Differential abundance (DA) analysis in microbiome studies has recently been used to uncover a plethora of associations between microbial composition and various health conditions. While current approaches to DA typically apply only to cross-sectional data, many studies feature a longitudinal design to better understand the underlying microbial dynamics. To study DA in longitudinal microbial studies, we introduce a novel varying coefficient mixed-effects model with local sparsity. The proposed method can identify time intervals of significant group differences while accounting for temporal dependence. Specifically, we exploit a penalized kernel smoothing approach for parameter estimation and include a random effect to account for serial correlation. In particular, our method operates effectively regardless of whether sampling times are shared across subjects, accommodating irregular sampling and missing observations. Simulation studies demonstrate the necessity of modeling dependence for precise estimation and support recovery. The application of our method to a longitudinal study of mice oral microbiome during cancer development revealed significant scientific insights that were otherwise not discernible through cross-sectional analyses. An R implementation is available at https://github.com/fontaine618/LSVCMM.
Paper Structure (15 sections, 6 equations, 4 figures)

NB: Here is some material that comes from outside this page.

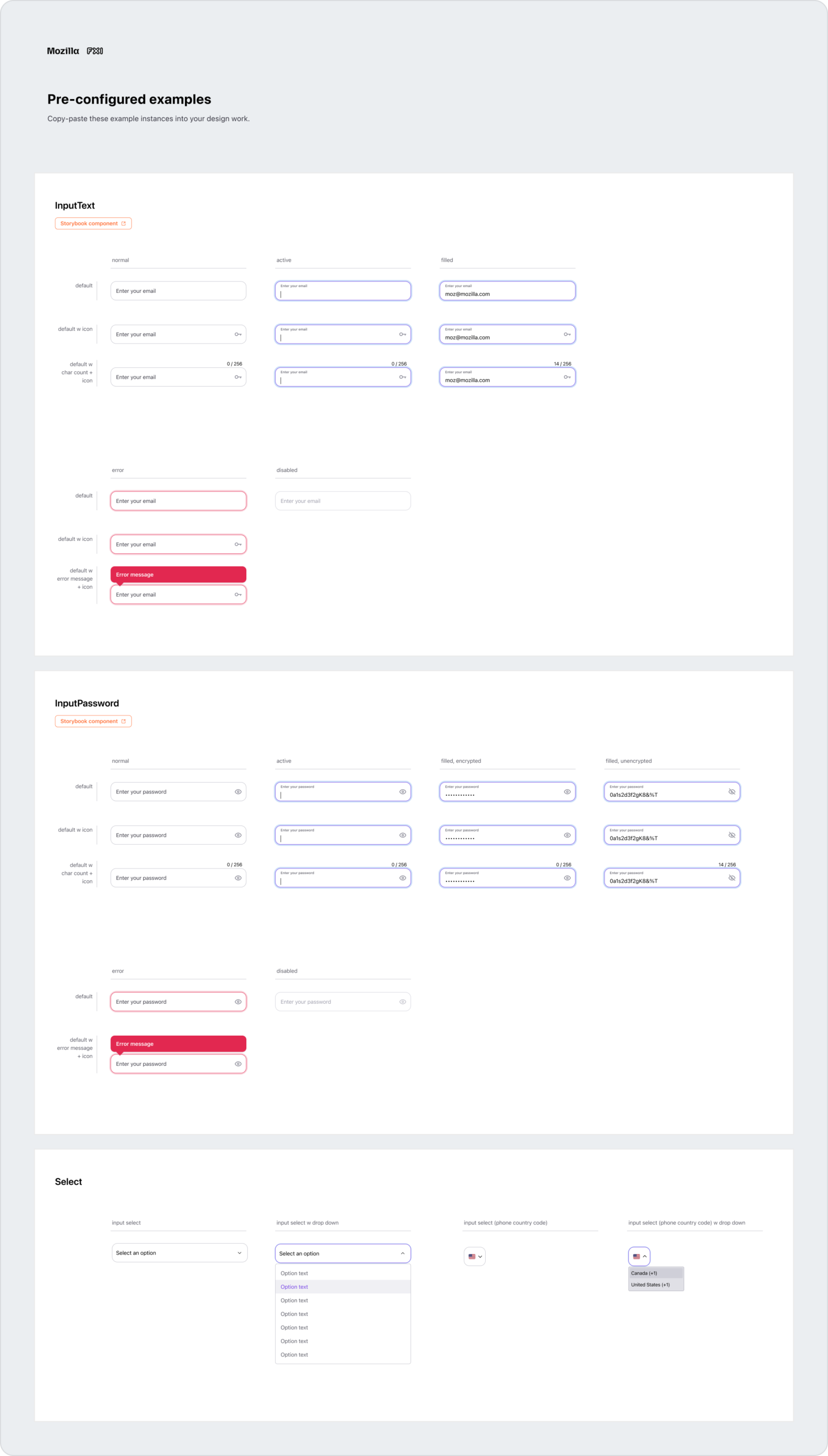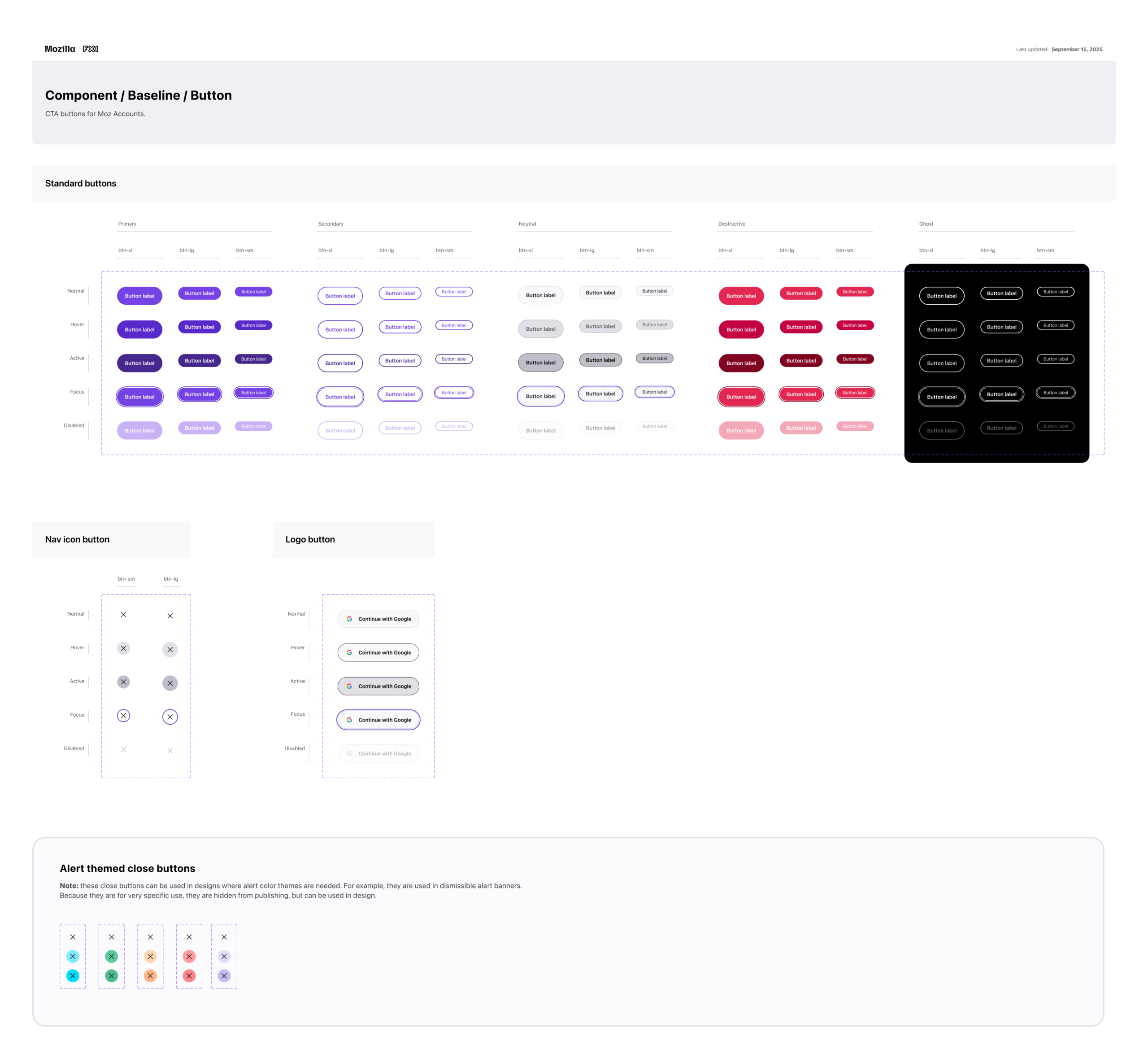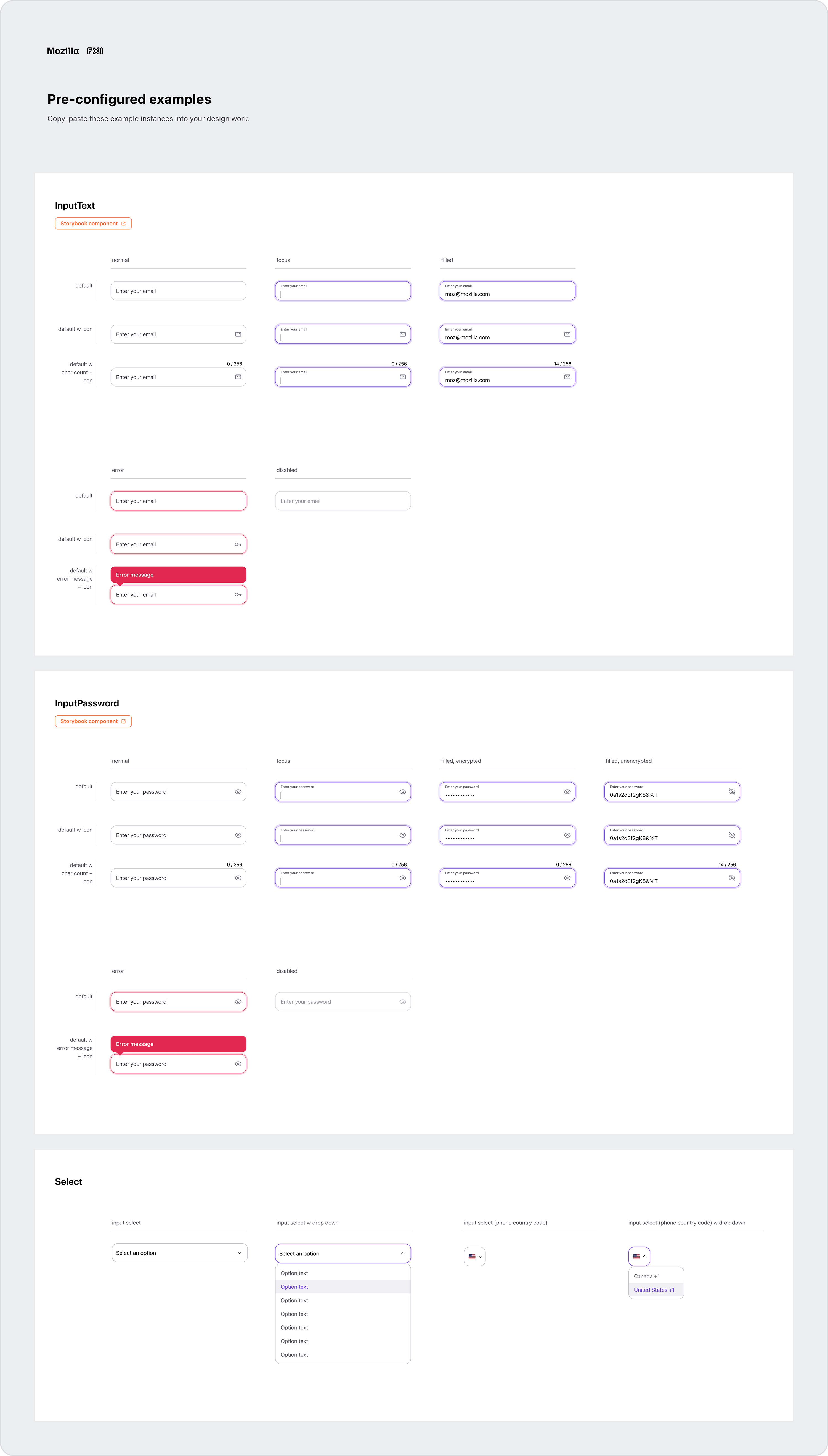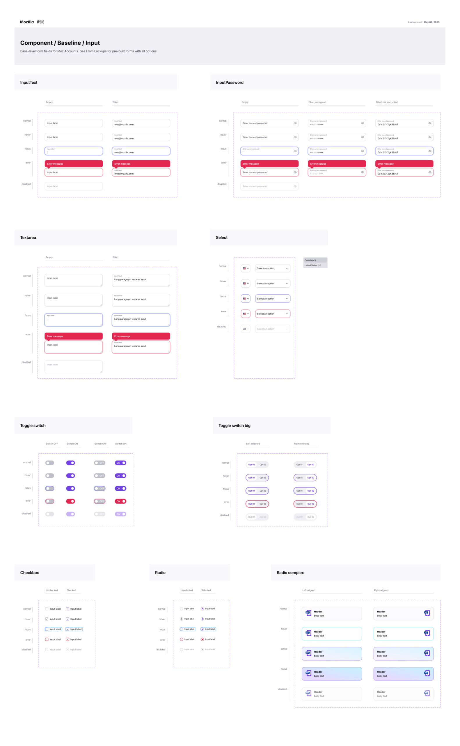 My responsibilities included translating existing Storybook codebases into Figma, auditing coded components for UX and UI issues, identifying accessibility and parity gaps, directing updates, and partnering with engineering to implement. I also defined where Firefox styles should be inherited, where custom patterns were needed, and how the system should scale across multiple brands and products.

This paper contains 15 sections, 6 equations, 4 figures.

Figures (4)

  • Figure 1: Evaluation metrics in the missing data scenario reported as the mean (line) and standard error (band) across 100 replications.
  • Figure 2: Evaluation metrics in the irregular sampling scenario reported as the mean (line) and standard error (band) across 100 replications.
  • Figure 3: (Left) Number of observed and missing samples per week, stratified by genotype and diagnosis. (Right) Patterns of missingness; row labels indicate the frequency of that pattern occurring among the 65 mice.
  • Figure 4: Estimated main effects (top: KO less WT; middle: SCC less ED/CIS) and interaction (bottom: coded as 1 if KO and SCC, and 0 otherwise). White cells correspond to a zero estimate, colored cells correspond to a non-zero estimate. Asterisks indicate a time point where the 95% simultaneous confidence band excludes zero. Columns represent estimate emerging from three different methods. Only OTUs with a significant difference for at least one time point and one method are included in each row (out of 187 total OTUs).